What is wanted is every line below from the one with "Sellas la otra" up to and including the one with "In the shape", retyped exactly, pictures excluded, nothing else.

━━ DATA UNDER STUDY

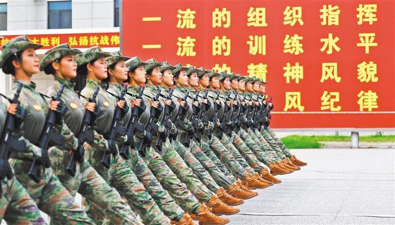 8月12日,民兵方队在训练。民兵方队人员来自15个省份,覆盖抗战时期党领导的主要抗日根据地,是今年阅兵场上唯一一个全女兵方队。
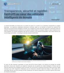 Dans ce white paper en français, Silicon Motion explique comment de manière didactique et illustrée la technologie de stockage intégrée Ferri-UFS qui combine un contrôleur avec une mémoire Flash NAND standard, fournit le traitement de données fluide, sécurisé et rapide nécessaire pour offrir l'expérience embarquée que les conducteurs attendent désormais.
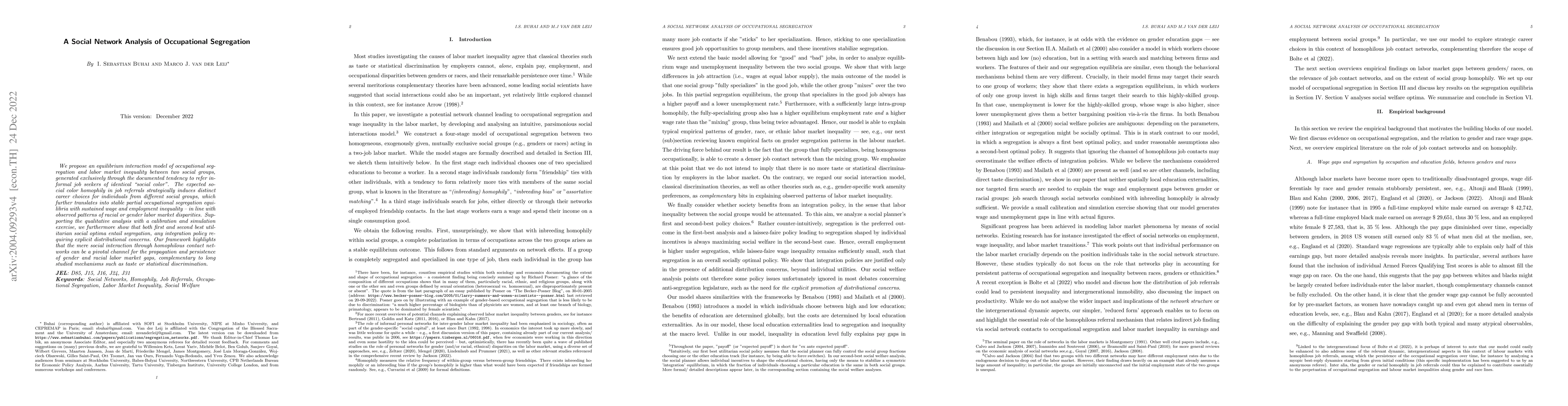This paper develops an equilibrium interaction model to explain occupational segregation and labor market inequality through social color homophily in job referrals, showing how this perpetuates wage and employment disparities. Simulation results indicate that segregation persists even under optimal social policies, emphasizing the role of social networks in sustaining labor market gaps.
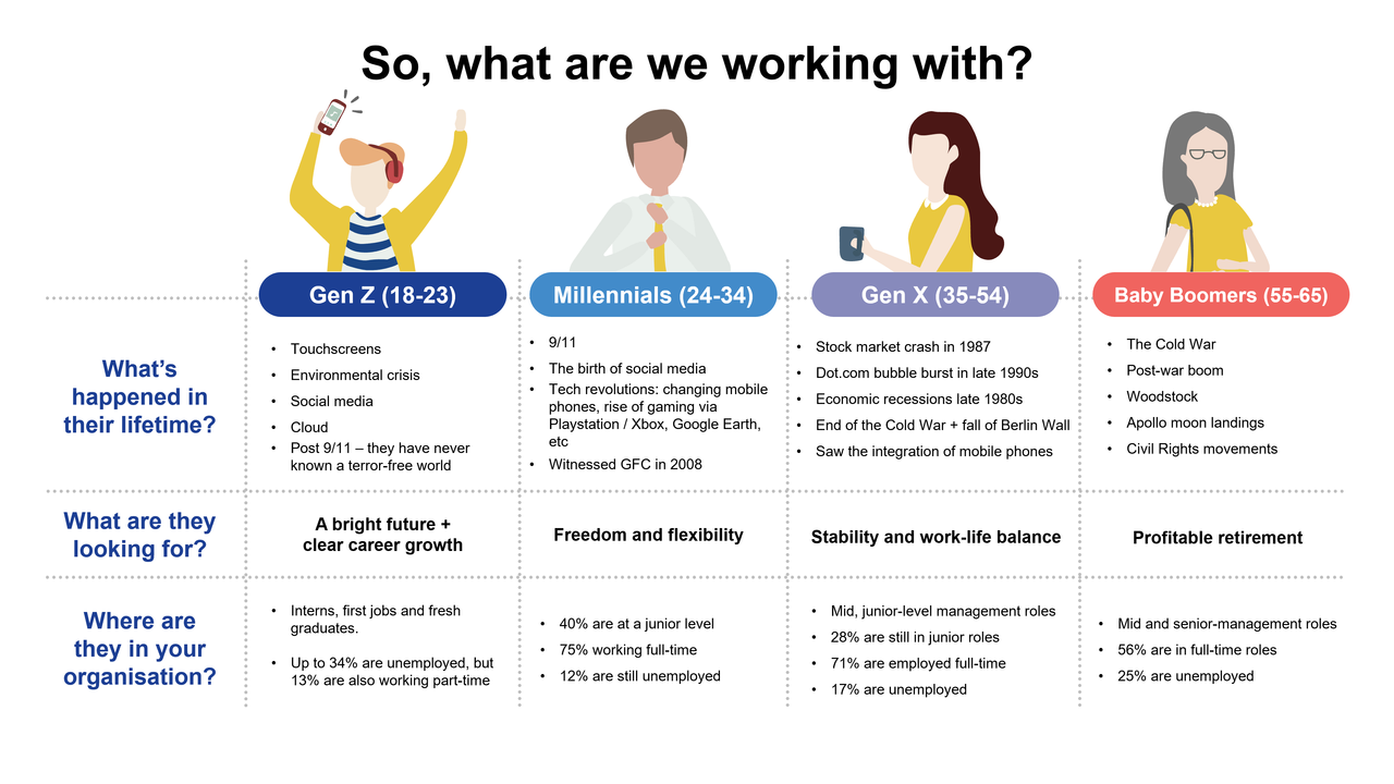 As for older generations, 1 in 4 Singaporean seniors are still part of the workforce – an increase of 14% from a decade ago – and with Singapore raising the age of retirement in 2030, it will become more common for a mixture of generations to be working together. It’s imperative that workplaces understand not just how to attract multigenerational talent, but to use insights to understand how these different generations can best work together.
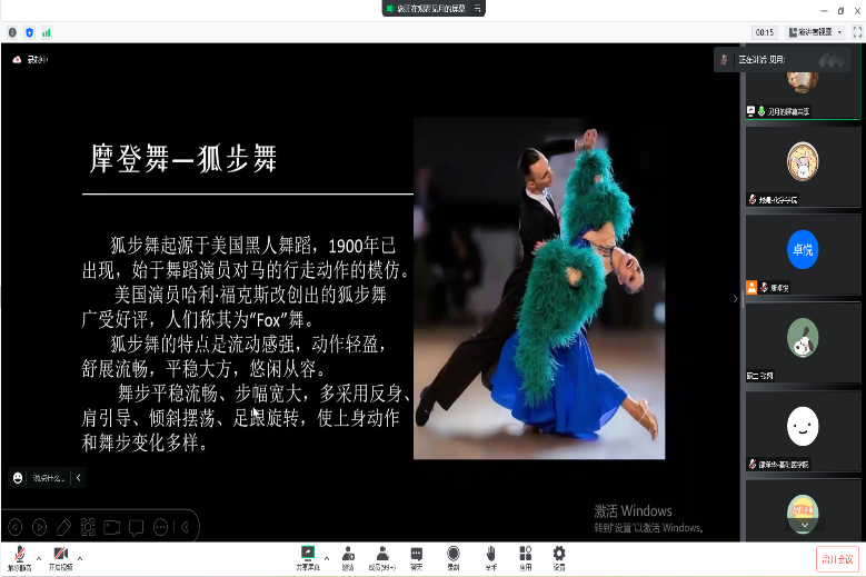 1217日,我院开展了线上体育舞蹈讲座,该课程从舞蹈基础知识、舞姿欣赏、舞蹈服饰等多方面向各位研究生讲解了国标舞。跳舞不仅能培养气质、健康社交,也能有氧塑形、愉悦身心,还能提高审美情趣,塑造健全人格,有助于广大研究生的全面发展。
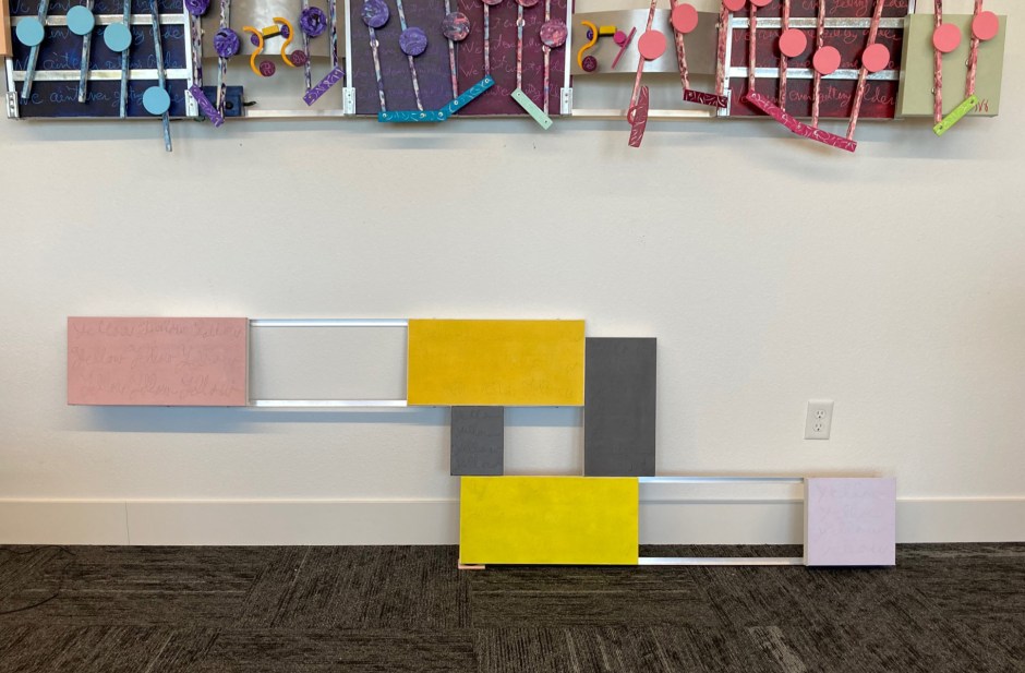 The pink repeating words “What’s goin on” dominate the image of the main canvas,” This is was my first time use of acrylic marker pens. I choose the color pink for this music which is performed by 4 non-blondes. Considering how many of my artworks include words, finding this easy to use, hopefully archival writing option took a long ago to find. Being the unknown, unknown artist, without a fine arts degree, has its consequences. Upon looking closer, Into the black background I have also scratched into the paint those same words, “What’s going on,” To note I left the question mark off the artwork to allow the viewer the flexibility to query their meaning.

━━━━
━━ DATA UNDER STUDY

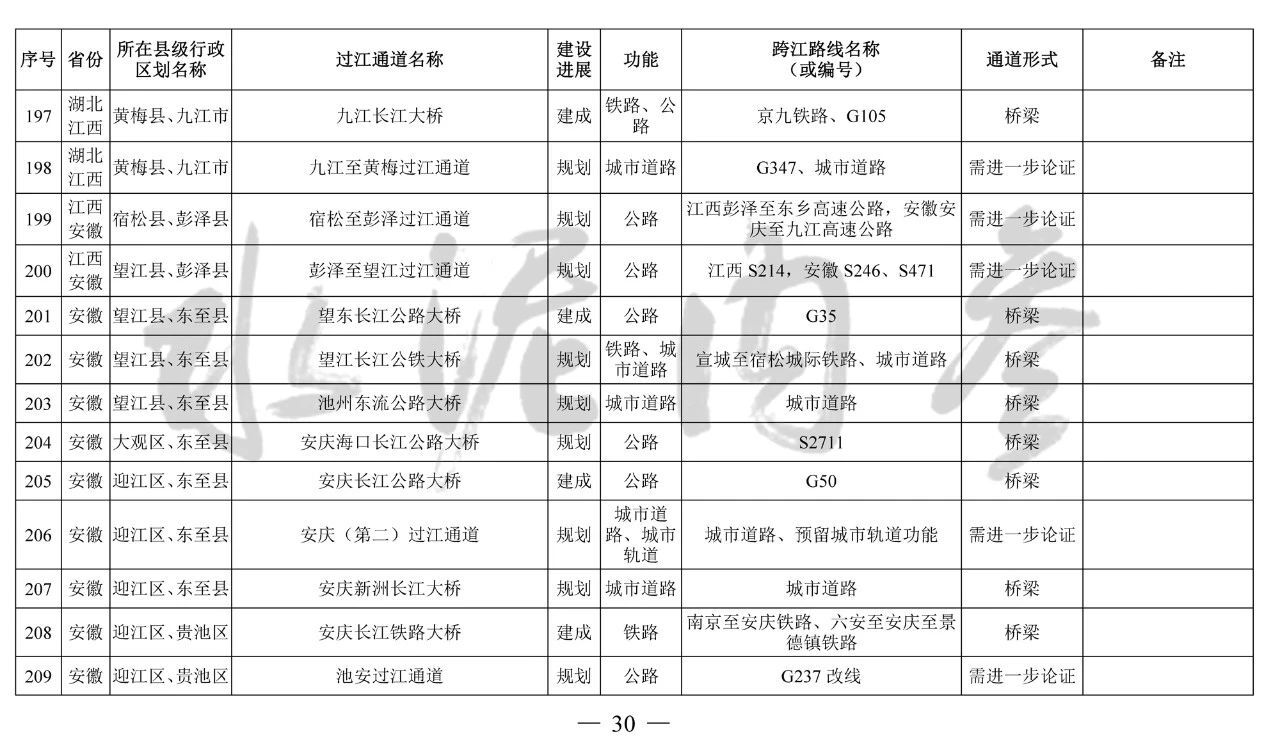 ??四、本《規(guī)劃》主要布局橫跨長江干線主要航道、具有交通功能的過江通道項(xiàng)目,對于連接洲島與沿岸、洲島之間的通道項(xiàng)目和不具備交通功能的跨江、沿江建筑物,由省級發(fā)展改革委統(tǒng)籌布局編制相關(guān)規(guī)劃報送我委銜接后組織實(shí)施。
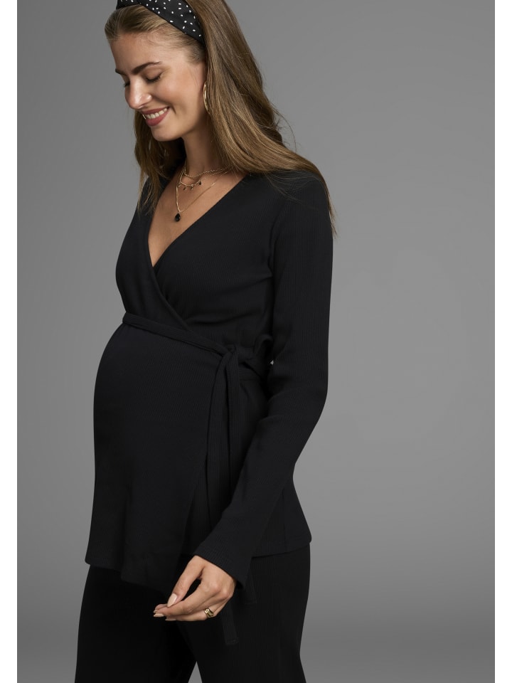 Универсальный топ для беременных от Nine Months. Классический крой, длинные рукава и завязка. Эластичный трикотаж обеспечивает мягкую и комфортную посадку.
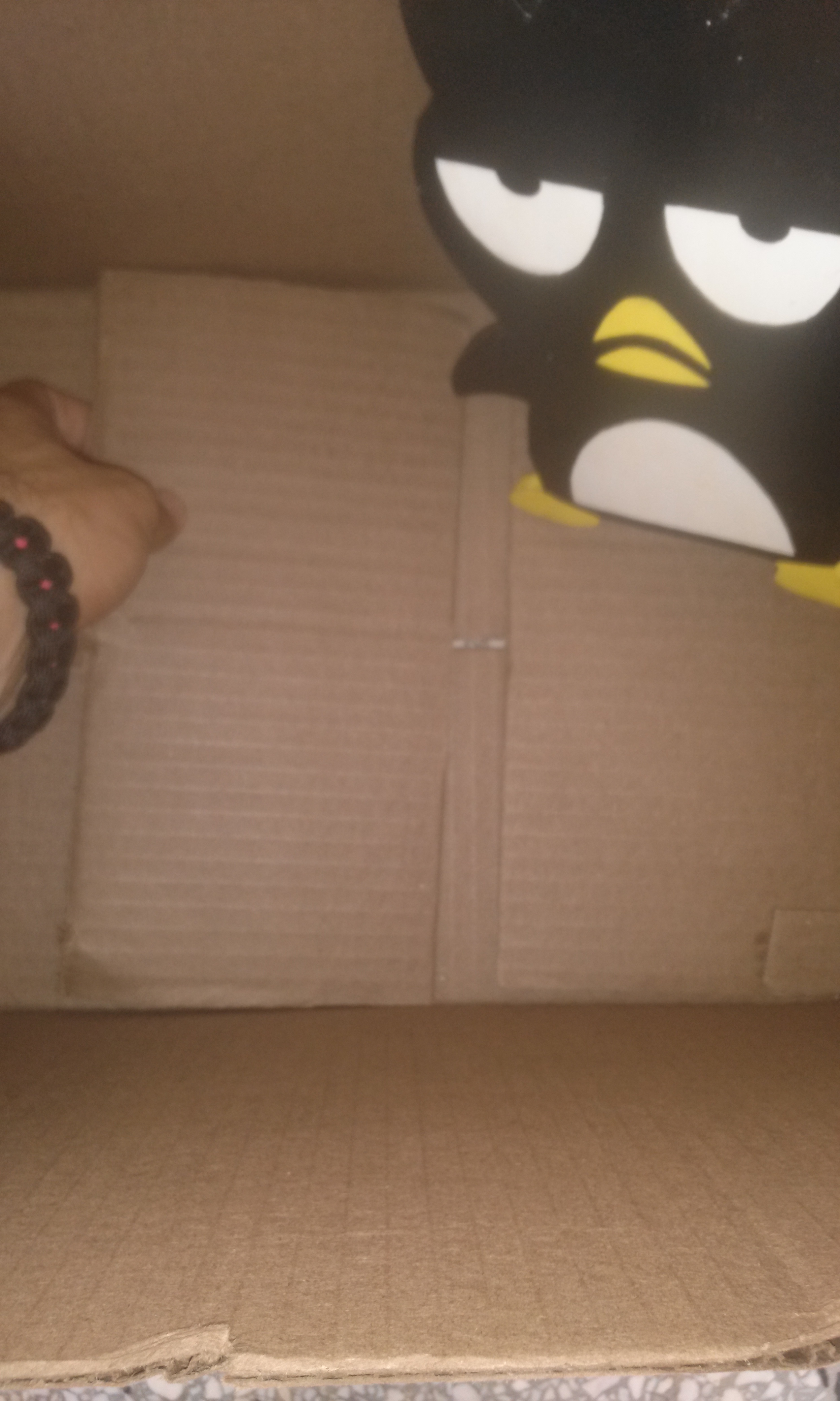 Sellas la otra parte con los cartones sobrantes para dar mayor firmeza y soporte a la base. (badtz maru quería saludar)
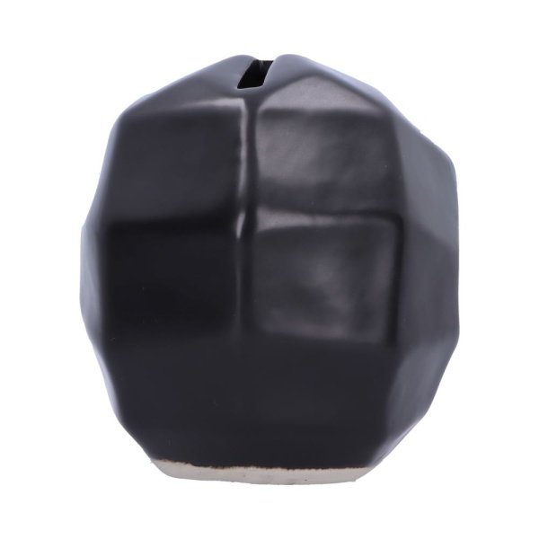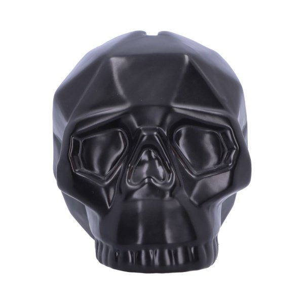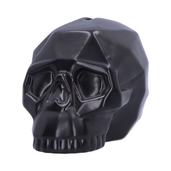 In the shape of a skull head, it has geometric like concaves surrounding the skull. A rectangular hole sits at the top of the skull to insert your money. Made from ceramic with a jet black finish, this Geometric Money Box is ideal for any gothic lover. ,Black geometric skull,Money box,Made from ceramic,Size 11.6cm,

━━━━
━━ DATA UNDER STUDY

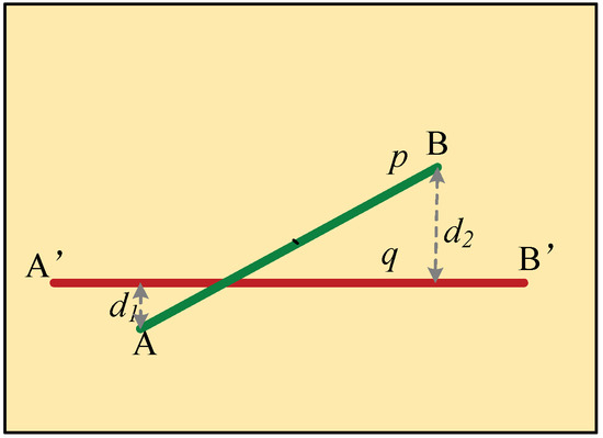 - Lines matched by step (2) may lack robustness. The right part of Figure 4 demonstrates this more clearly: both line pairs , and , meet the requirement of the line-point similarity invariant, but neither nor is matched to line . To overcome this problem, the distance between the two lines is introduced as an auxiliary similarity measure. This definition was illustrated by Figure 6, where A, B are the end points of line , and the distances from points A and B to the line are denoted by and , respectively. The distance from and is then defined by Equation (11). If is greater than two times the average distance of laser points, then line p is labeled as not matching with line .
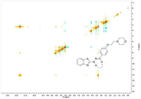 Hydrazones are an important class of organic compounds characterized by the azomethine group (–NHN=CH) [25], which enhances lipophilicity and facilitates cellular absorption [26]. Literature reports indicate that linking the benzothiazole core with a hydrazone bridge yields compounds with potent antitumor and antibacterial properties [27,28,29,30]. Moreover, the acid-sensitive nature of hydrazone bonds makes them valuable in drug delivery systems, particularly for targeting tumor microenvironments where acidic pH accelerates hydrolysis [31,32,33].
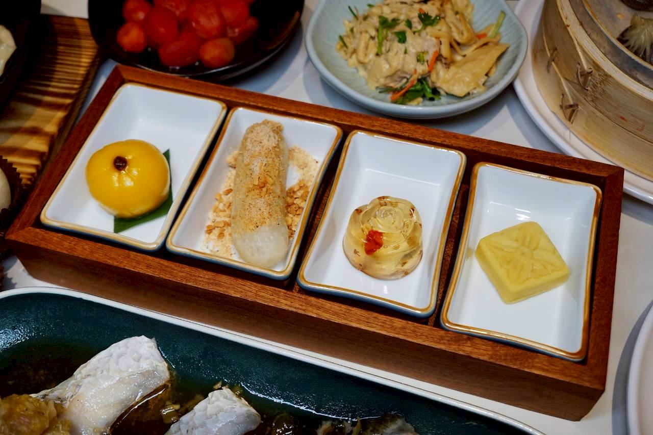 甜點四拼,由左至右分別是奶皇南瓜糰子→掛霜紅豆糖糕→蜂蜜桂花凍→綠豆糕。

━━━━

EXERCISE SOLUTION >>
 Sellas la otra parte con los cartones sobrantes para dar mayor firmeza y soporte a la base. (badtz maru quería saludar)
 In the shape of a skull head, it has geometric like concaves surrounding the skull. A rectangular hole sits at the top of the skull to insert your money. Made from ceramic with a jet black finish, this Geometric Money Box is ideal for any gothic lover. ,Black geometric skull,Money box,Made from ceramic,Size 11.6cm,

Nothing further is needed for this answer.